[datatable-help] mapply cannot modify in place when iterating over list of DTs
Ricardo Saporta
saporta at scarletmail.rutgers.edu
Tue Sep 24 06:15:18 CEST 2013
On Mon, Sep 23, 2013 at 9:42 PM, Matthew Dowle <mdowle at mdowle.plus.com>wrote:
>
> Hi,
> Basically adding columns by reference to a data.table when it's a member
> of a list of data.table, is really difficult to handle internally. I had
> to special case internally to get around list() copying, so that the
> binding can change inside the list on the shallow copy when [[ is used.

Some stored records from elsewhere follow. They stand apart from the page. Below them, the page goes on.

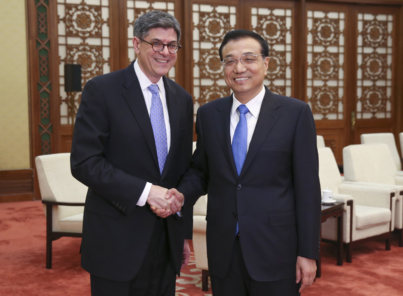 国务院总理李克强3月30日下午在人民大会堂会见美国总统特别代表、财政部长雅各布·卢。
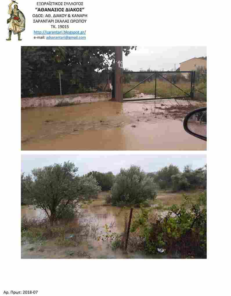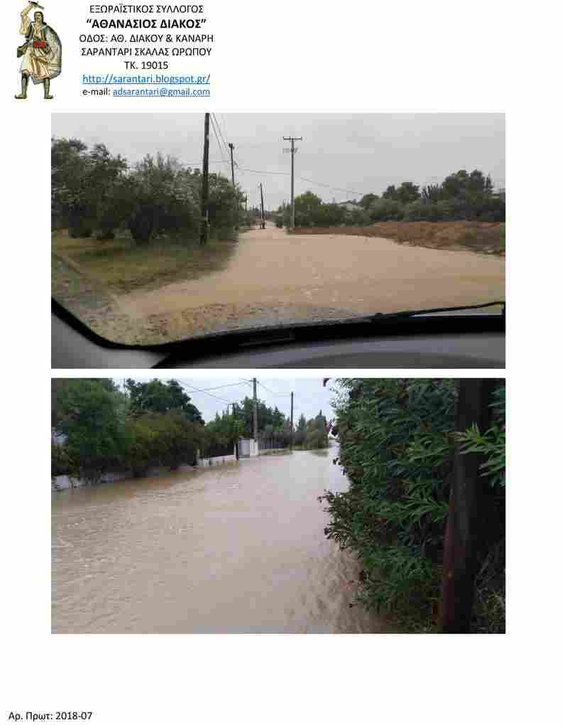 Ο Εξωραϊστικός Σύλλογος “Αθανάσιος Διάκος”, την Κυριακή 30 Σεπτεμβρίου, κατέθεσε στην Περιφέρεια Αττικής επιστολή με αίτημα την άμεση διάνοιξη και οριοθέτηση του ρέματος που διέρχεται βόρεια του οικισμού και το οποίο προκαλεί πλυμμυρικά φαινόμενα στον οικισμό, όπως αυτά που συνέβησαν την ίδια μέρα, 30/9/2018, με τις σφοδρές βροχοπτώσεις.
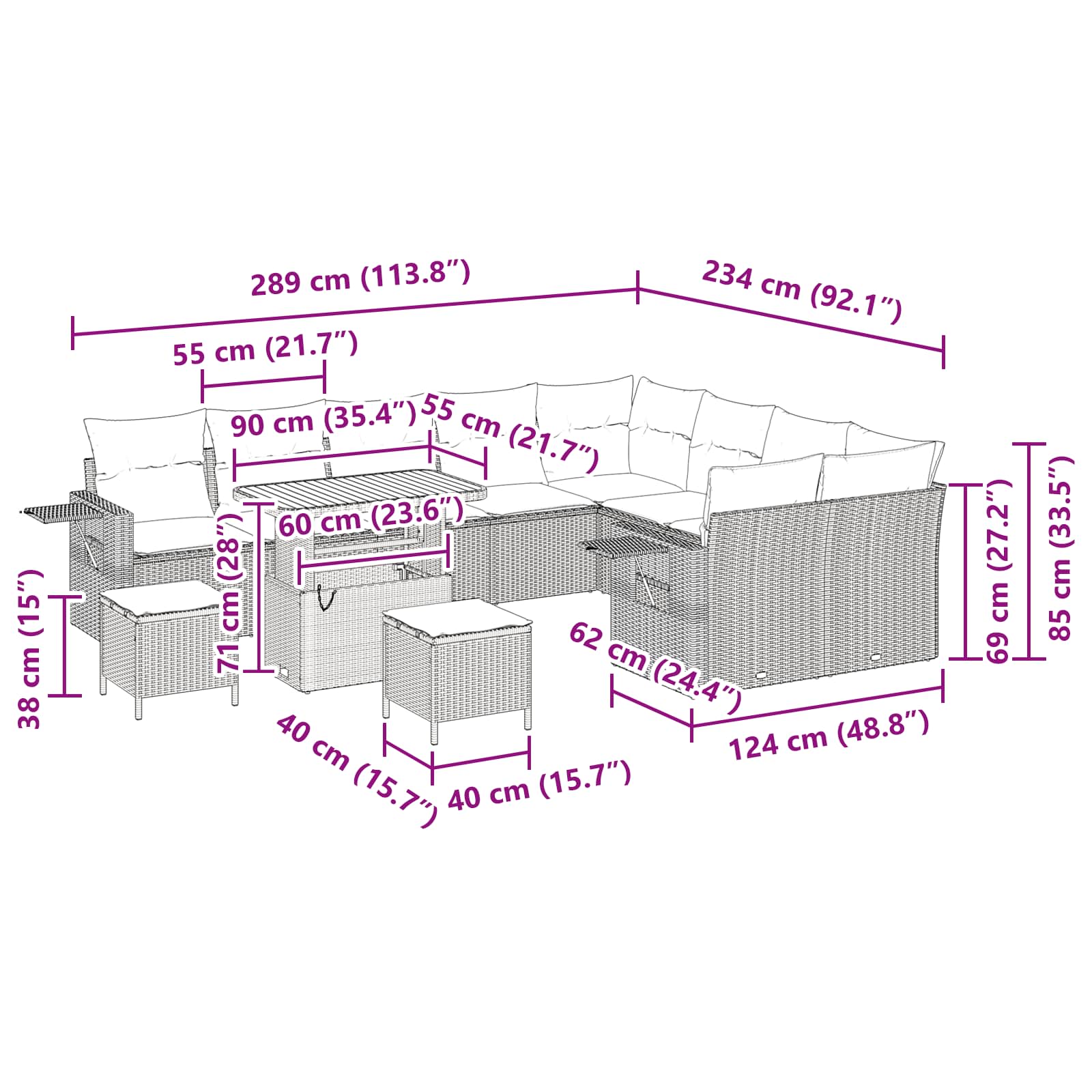 Tato zahradní pohovka nádherně spojuje funkčnost s moderním stylem, což z ní dělá skvělý doplněk pro jakoukoliv venkovní plochu. Díky elegantním liniím a praktickému designu je ideální pro příjemné jarní a letní dny strávené venku. Představ si bezstarostné odpoledne se spoustou prostoru sezení, které tento set nabízí, užívej si ho s přáteli a rodinou. Každý detail je navržen tak, aby kombinoval vizuální eleganci a pohodlí, takže se skvěle hodí do jakékoli zahrady nebo terasy.
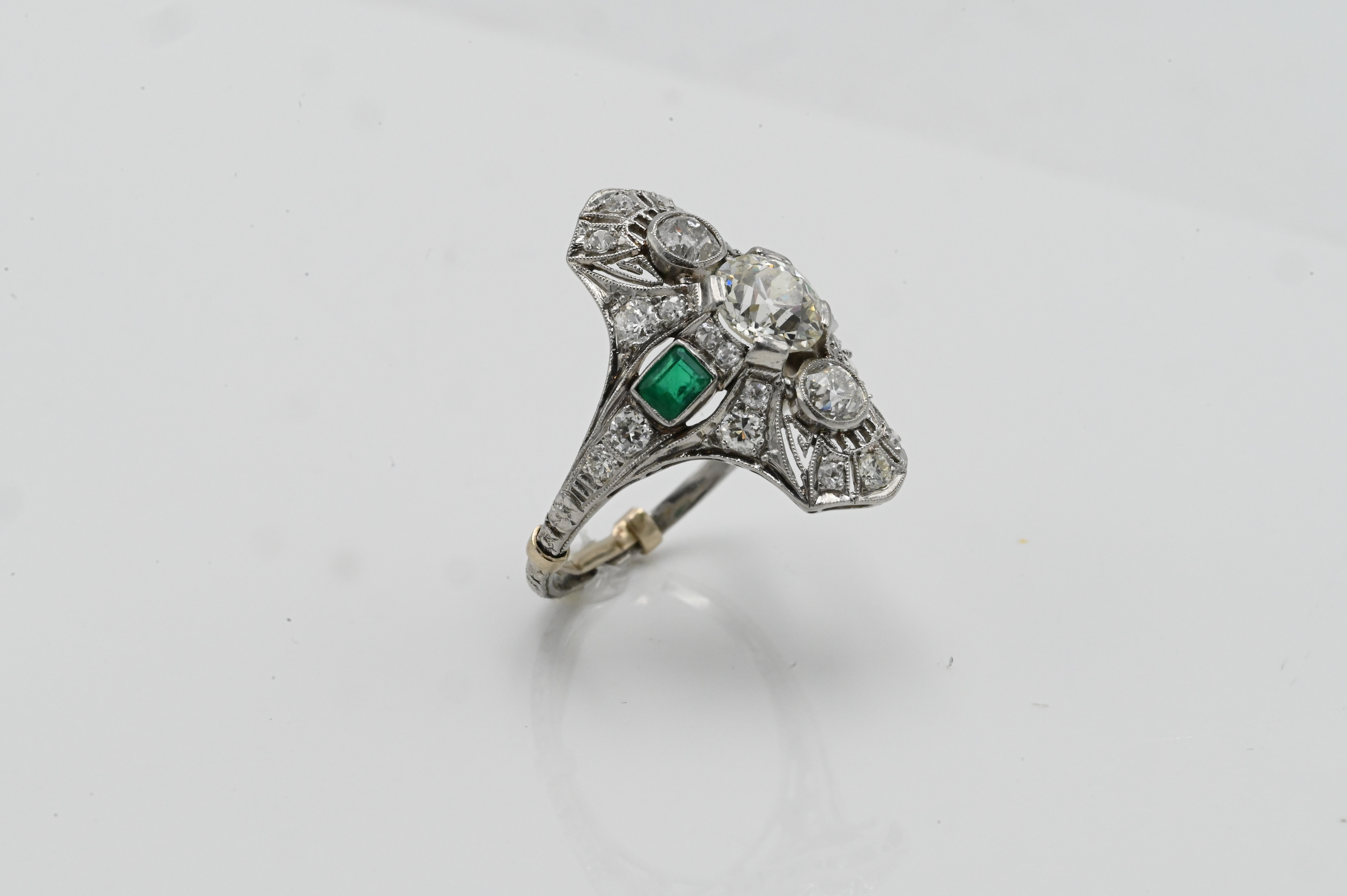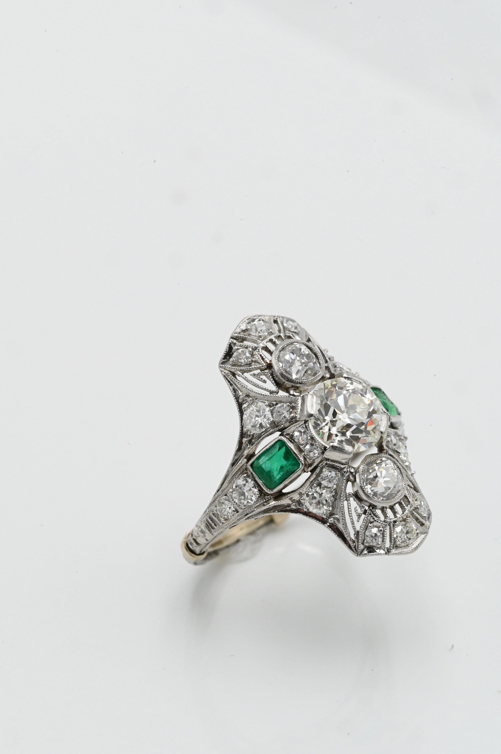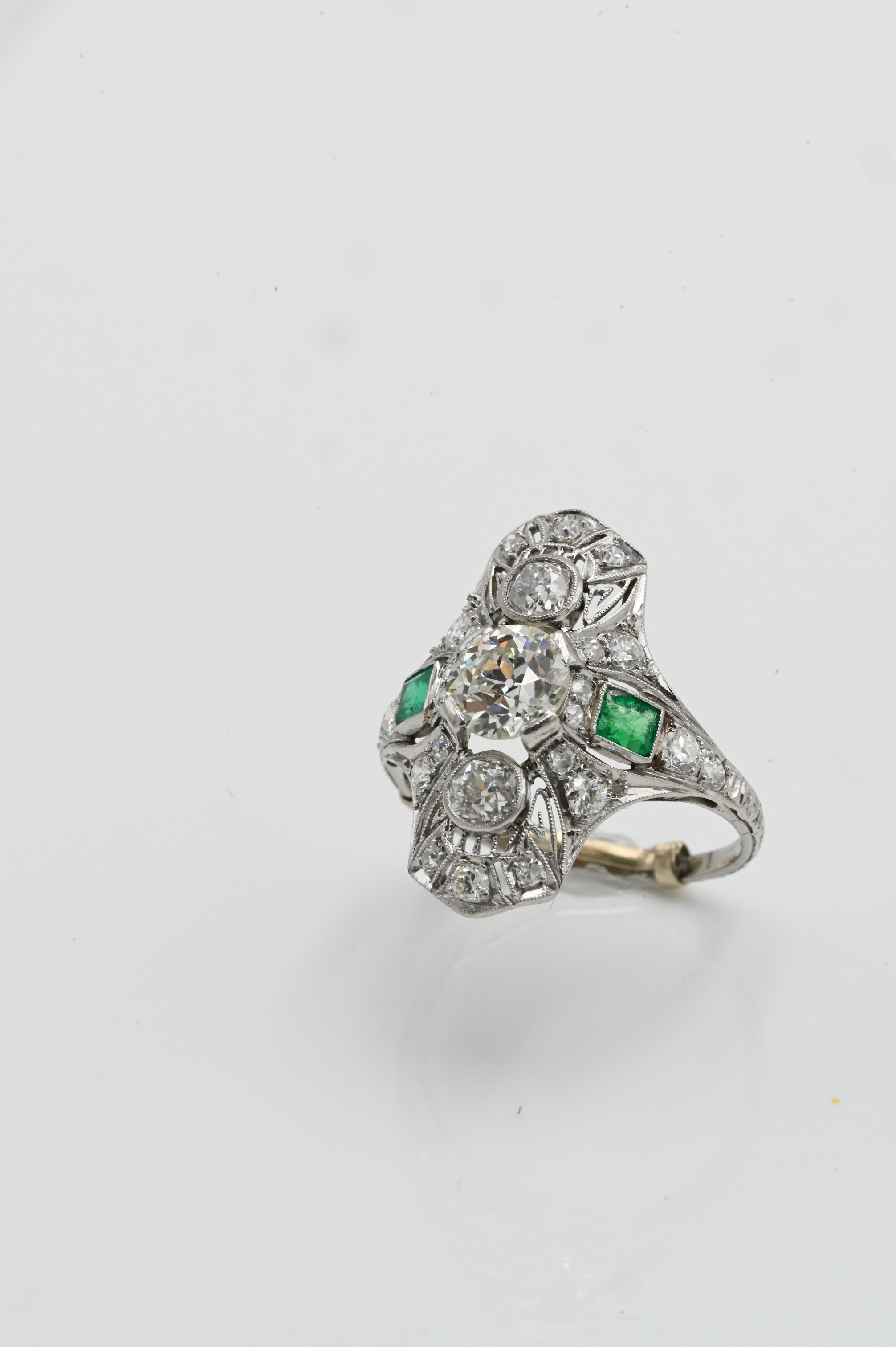 having center diamond 7.2 mm in filigree setting mounted with small diamonds above and below flanked by emeralds and small diamonds

A
> for loop is the way to add columns by reference inside a list of
> data.table, and that should work ok using [[. But doing that via lapply
> and mapply is really stretching it.
>
That makes sense. I took a whack at it, but couldn't even come close.
> Even catching user expectations in this area is difficult. Ideally we'd
> catch mapply, yes, but really data.table likes to be rbindlist()-ed and
> then ops to work on a single large data.table.
>
Agreed. In the application where this came up, I am dealing with a list of
tables with different dims (hence not rbinding)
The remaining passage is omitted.